## Task instructions:
The full listing, word for word and free of images, is the expected result.

## Given data:
=======

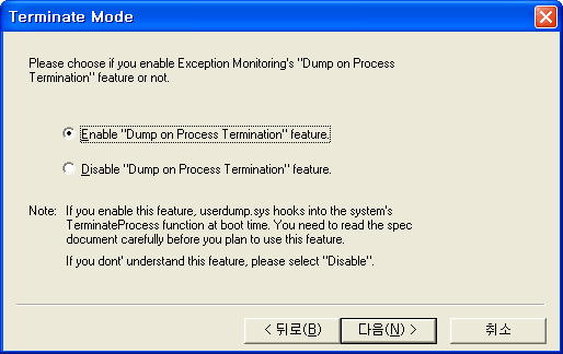 6. 프로세스가 종료 되었을 때 덤프를 생성하는 기능의 사용 여부를 설정하는 화면입니다. Enable을 선택하여 이 기능을 사용합니다. 마침을 누르면 설치를 시작합니다.
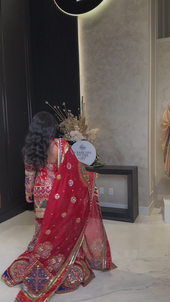 This striking red Mayyur Girotra sharara set, crafted from rich Chanderi silk, embodies timeless elegance with a festive flair. The ensemble is beautifully embroidered with traditional gota work, creating a luminous interplay of texture and sheen. The flowing sharara silhouette paired with the radiant red hue makes it a perfect choice for pre-wedding festivities and celebratory occasions. Exuding sophistication while honoring artisanal craftsmanship, this set is designed to make a lasting impression.
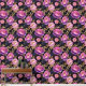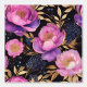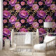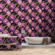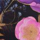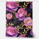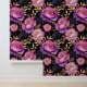Aquarellfarbene Pink und lila Pioniere mit blauen Babys atmen und goldene Blätter auf schwarzem Hintergrund.

=======

## Response area:
 6. 프로세스가 종료 되었을 때 덤프를 생성하는 기능의 사용 여부를 설정하는 화면입니다. Enable을 선택하여 이 기능을 사용합니다. 마침을 누르면 설치를 시작합니다.
 This striking red Mayyur Girotra sharara set, crafted from rich Chanderi silk, embodies timeless elegance with a festive flair. The ensemble is beautifully embroidered with traditional gota work, creating a luminous interplay of texture and sheen. The flowing sharara silhouette paired with the radiant red hue makes it a perfect choice for pre-wedding festivities and celebratory occasions. Exuding sophistication while honoring artisanal craftsmanship, this set is designed to make a lasting impression.
Aquarellfarbene Pink und lila Pioniere mit blauen Babys atmen und goldene Blätter auf schwarzem Hintergrund.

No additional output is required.